Am I missing something here? Is this performance to be expected? My machine specs are 32gb RAM, Ryzen 5800x, M.2 drive so I don't think it is a hardware resource issue. I'd appreciate any pointers or advice about how I should be working with these large files to get the advertised performance for working with large rasters.

Thanks!

Dimitri


7,400 post(s)
#29-Mar-23 18:54

If they are NAIP files in .TIF format, 25 GB of TIF files could expand into 200+ GB of real images. You don't mention whether you linked the images into your project or imported them. That matters. See the discussion in the Importing and Linking topic. TIFF files aren't a parallel format, but Manifold .map project files are a parallel database, so they allow far faster performance.

Once you import the images and save them in Manifold .map format, then 9 is, indeed, very much faster than Pro at processing images. For example, 9 will open a 200 GB .map file in 1/2 second, and will open a 200 GB image in that file in 1/2 second, and it will do almost anything with that image by way of processing far faster than Pro. It will also open a 100 GB .map file full of hundreds of vector layers in 1/2 second, while you'd be waiting a very long time for Pro to open a similar sized project from a GDB.

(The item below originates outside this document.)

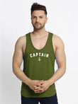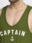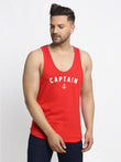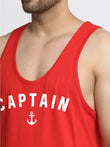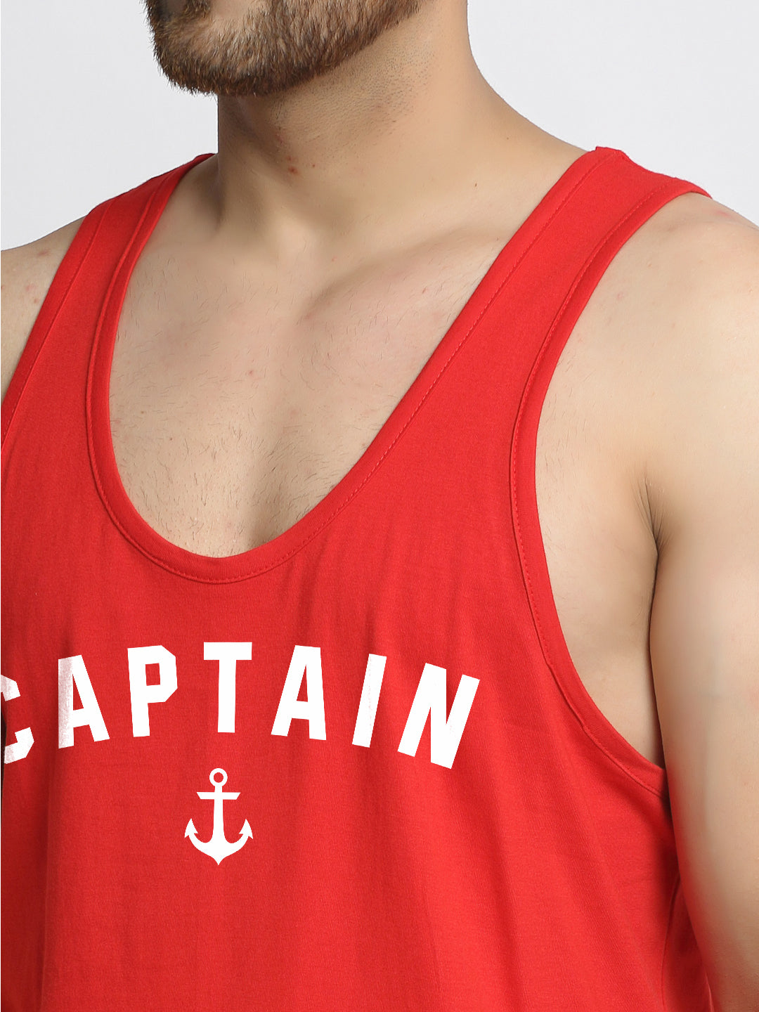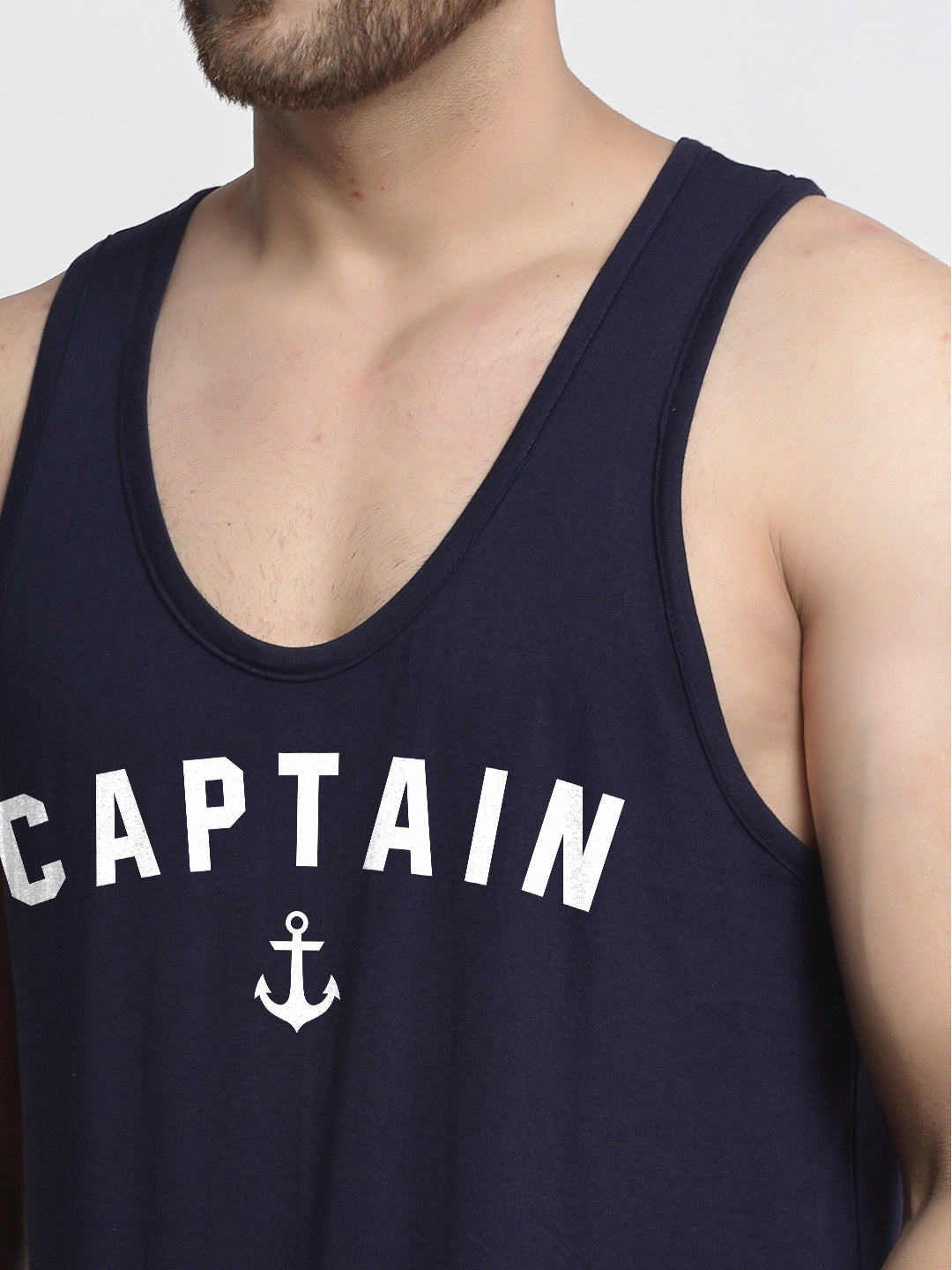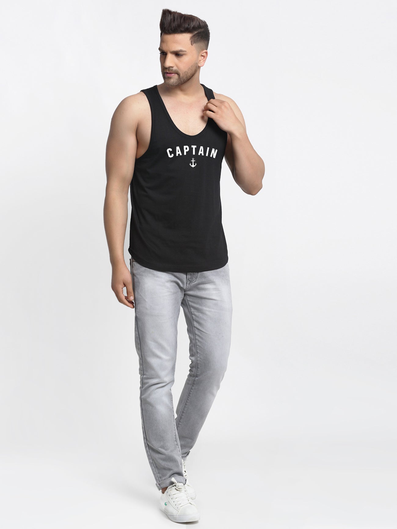 Men Captain Printed Black Innerwear drop cut gym vest, has a U-neck, sleeveless
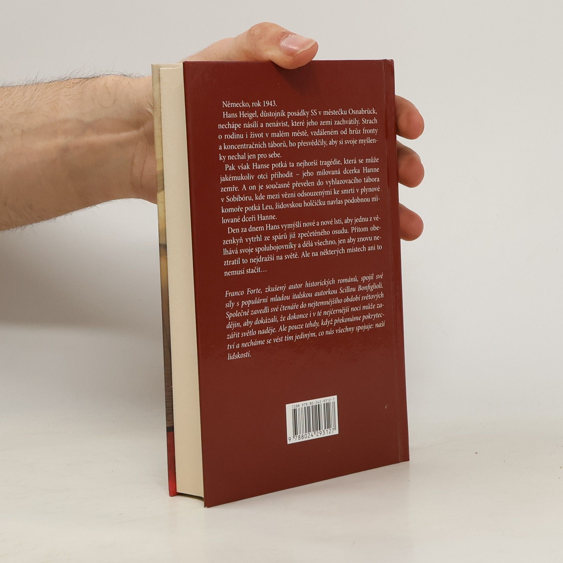 Román dvojice italských autorů se odehrává ve vyhlazovacím táboře a vypráví o setkání židovské holčičky a důstojníka SS, v němž ještě neodumřely poslední zbytky lidskosti. Německo, 1943. Hans Heigel, důstojník posádky SS v městečku Osnabrück, nechápe agresivitu, s níž se jeho země vzpamatovala z první světové války. Přesto ho strach z postihu jeho rodiny i život v malém městě, vzdáleném od hrůz fronty a koncentračních táborů, přesvědčily, aby si svoje myšlenky nechal pro sebe. Důležitější je starat se o manželku Ingrid a milovanou dceru Hanne. Jak dlouho však může člověk přehlížet vlastní hodnoty jen proto, aby mohl vést nudný nerušený život? Hans to pochopí, když ho potká ta nejhorší tragédie, která se může přihodit otci, a současně zjistí, že byl převelen do vyhlazovacího tábora v Sobibóru. Najednou už nemůže zavírat oči před hrůznými skutky, kterými se špiní pověst Německa. O to víc, když mezi vězni odsouzenými ke smrti v plynové komoře potká Leu, židovskou holčičku navlas podobnou svojí dceři Hanne. Nakladatelská anotace. Kráceno.

Manifold users who work with bigger data tend to store their data in .map projects for that reason, because that's so much faster than almost anything else. If they have to load in some data, like a big PBF from OSM or a collection of rasters, they'll think ahead and do that overnight or whatever, so they don't notice the one-time cost in time to get their data into very fast Manifold storage.

It matters, also, of course, the basic speed and such of the computer you're using. See the Performance Tips topic.

kobylarz4 post(s)
#29-Mar-23 20:43

Hi Dimitri,

Thanks for the response. The source files were actually .sid format so yes, they expand dramatically when converted to .tif. I initially tried linking the data but was running into slow performance when trying to merge or join so then I tried to import the files. This is when I ran into the slow performance, during the import phase. I understand that it is possible to plan ahead but like I said, it seems like it was going to take upwards of 70 hours to complete that import, at least based on the progress of the process after an hour or two. I was hoping I was missing a step that might speed up the import process.

Dimitri


7,400 post(s)
#30-Mar-23 05:21

No, for any given computer configuration there's no way around that, but at least it's a one-time cost. If you have a fast computer with plenty of RAM, fast cores, and fast SSD it will go faster, of course, than with a slow machine with small RAM and slow disk, but it's still a one-time cost.

.sid format is particularly slow because it is designed to be fast as a lossy viewing format, not as a format for precision analysis. For analytics, the first thing that has to happen is extracting what data there is in the .sid into a form where analytics can be done on it.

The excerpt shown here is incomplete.